Ranjith's girlfriend Mohana trains Sundaram to be like Ranjith and he acts like him. Sundaram finally learns every mannerism of Ranjith and at an instance he behaves like Ranjith to Ranjith. He acts as Ranjith in the city and real Ranjith continues his underground work. Inspector Mohan cannot come to a conclusion. Leela moves intimately with Sundaram thinking of him as Ranjith, but Sundaram falls in love with her. In the village, due to heavy floods, Sita loses everything and comes in search of her brother to Madras with her dog Mothy. Mohana meets Sita and helps her to reach the place. In one situation, Mohan saves her from them and takes her to his home. Mohana, who follows Sita to Mohan's house, informs Ranjith about her. Ranjith, posing like her brother, goes to Mohan's home and takes her with him.

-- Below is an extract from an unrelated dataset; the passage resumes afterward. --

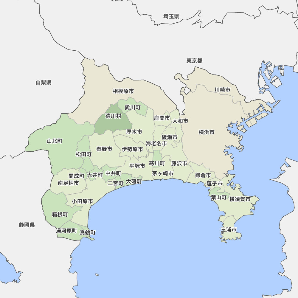 神奈川县辖有19市、13町、1村,县厅所在地是横滨市。神奈川县拥有横滨市、川崎市、相模原市等3个政令指定都市,是日本唯一拥有两个以上政令指定都市的一级行政区。县名“神奈川”,由来于东海道的宿场町神奈川宿(位于现横滨市神奈川区),以及幕末时设置的神奈川奉行所(位于现横滨市西区红叶丘)[4][5]。

Sundaram finds Ranjith is actually a thief and plans a grand diamond loot. Sundaram resists the plan, but Ranjith blackmails him with his sister. Unwillingly, he accepts the plan. Ranjith steals a huge amount of diamonds, but Sundaram replaces him by attacking him and leaves the place. One of the stolen diamond pieces has a transmitter and police follow the jewels with the help of it. Sita is confused as to who is her brother among them. After several fights, both Sundaram and Ranjith are arrested. Both of them claim to be Sundaram and confuse everyone. Many tests to find who is real Ranjith fail. Confused by this, the court is helpless to find out who is the real Ranjith. Suddenly a body of a dead woman enters the court. Ranjith finds that the woman is his mother (Gandhimathi). Unable to resist his feelings he screams at his mother and cries on her body. Court finally concludes who is Ranjith. But Ranjith's mother is not dead, but pretended to be, to find out who is her son. Ranjith is arrested and sent to prison. He apologizes to Sundaram and promises Mohana that he will marry her after he got out from prison. Sita finally marries Inspector Mohan.

== Soundtrack ==
The music was composed by M. S. Viswanathan. The songs "Poomazhai Thoovi", "Kannai Nambathey" and "Oruvar Meethu" became chartbusters. The song "Kannai Nambathey" was remixed by G. V. Prakash Kumar in Enakku Innoru Per Irukku (2016).

Track listing
| No. | Title | Lyrics | Singer(s) | Length |
|---|---|---|---|---|
| 1. | "Poomazhai Thoovi Vasanthangal" (short version) | Pulamaipithan | T. M. Soundararajan | 2:19 |
| 2. | "Kannai Nambaathey" | A. Maruthakasi | T. M. Soundararajan | 4:33 |
| 3. | "Kollaiyittavan Neethaan" | Pulamaipithan | P. Susheela & Vani Jairam | 5:11 |
| 4. | "Poomazhai Thoovi Vasanthangal" (long version) | Pulamaipithan | T. M. Soundararajan | 4:29 |
| 5. | "Oruvar Meethu" | Vaali | T. M. Soundararajan & P. Susheela | 5:17 |
| 6. | "Thaane Thaane Thanthaanath thaanaa" | Kannadasan | T. M. Soundararajan | 3:28 |
| 7. | "Poomazhai Thoovi Vasanthangal" (short version) | Pulamaipithan | T. M. Soundararajan | 0:41 |
| 8. | "Nee Thottu Pesinaal" (not in the film, not held) | Avinashi Mani | P. Susheela | 3:12 |
| Total length: |  |  |  | 29:10 |

== Reception ==
Kanthan of Kalki praised Sharada's performance citing her acting stays in our mind till the end while also praising the dual roles of Ramachandran and his stunt scenes and also praised the film's cinematography. He concluded the review saying it is like a bittersweet mix when you think that this film, which speaks of Vaathiyar's (Ramachandran's nickname) greatness, turned out to be a Tamil adaptation of the Hindi film Sacha Jhutha, couldn't they get a similar plot in Tamil ?.